Figure 2: Lateral flow detection of IgE specific to peanut allergy. Patient sera previously qualified by Phadia ImmunoCap was diluted 1:4 and added to a well containing 40 nm Colloidal Gold ChromPure Chicken IgY (IgG), whole molecule (003-400-003), and 40nm Colloidal Gold Anti-Human IgE (209-402-241). This mixture was then flowed over a membrane striped with a control of Donkey Anti-Chicken IgY (IgG) (H+L) (min X Bov, Gt, GP, Sy Hms, Hrs, Hu, Ms, Rb, Rat, Shp Sr Prot) (709-005-155). and 3 different nut allergens; Cashew, Hazelnut and Peanut.

Jackson ImmunoResearch specializes in producing secondary antibodies for life science applications, including ELISA and LFIA. Our portfolio includes anti-IgE antibodies conjugated to HRP, Biotin, Alkaline Phosphatase, and R-PE. We’ve also recently expanded our range of gold-conjugated secondary antibodies with the addition of 40 nm colloidal gold conjugates, which are among the most frequently used detection moieties for LFIA.

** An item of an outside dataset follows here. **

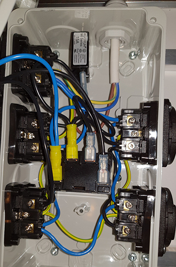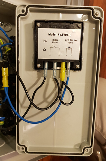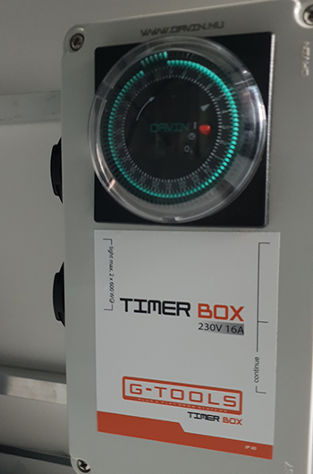 Ik zou Willie Wietman niet zijn, als ik ook niet even een kijkje zou nemen in de schakelkast aka Timer Box. Dat is een verdeeldoos met een tijdklok. De Timer Box heeft drie stopcontacten met continuestroom en twee geschakelde stopcontacten die met een relais op de tijdklok aangesloten zijn. Het relais zorgt ervoor dat de schakelklok niet belast wordt bij het opstarten, en dus niet kan doorbranden. Wel zo veilig! Zoals je kunt zien is dit allemaal netjes volgens de NEN 1010 en de NEN 3140 aangesloten.

  • Anderegg, W.R. et al., 2021. Anthropogenic climate change is worsening North American pollen seasons. Proceedings of the National Academy of Sciences, 118(7).
  • Cox, L., Larenas-Linnemann, D., Lockey, R. and Passalacqua, G., 2010. Speaking the same language: The World Allergy Organization Subcutaneous Immunotherapy Systemic Reaction Grading System. Journal of Allergy and Clinical Immunology, 125(3), pp.569-574.e7.
  • Pawankar, R., Canonica, G., Holgate, S., and Lockey, R., 2011. World Allergy Organization (WAO) white book on allergy. United Kingdom: WAO.
  • Loh W, Tang MLK. The Epidemiology of Food Allergy in the Global Context. Int J Environ Res Public Health. 2018 Sep 18;15(9):2043. doi: 10.3390/ijerph15092043. PMID: 30231558; PMCID: PMC6163515.
  • Sánchez-Borges, M., Ansotegui, I. & Cox, L. World Allergy Organization Grading System for Systemic Allergic Reactions: it Is Time to Speak the Same Language When it Comes to Allergic Reactions. Curr Treat Options Allergy 6, 388–395 (2019).
  • Zhang, Y., Steiner, A.L. Projected climate-driven changes in pollen emission season length and magnitude over the continental United States. Nat Commun 13, 1234 (2022).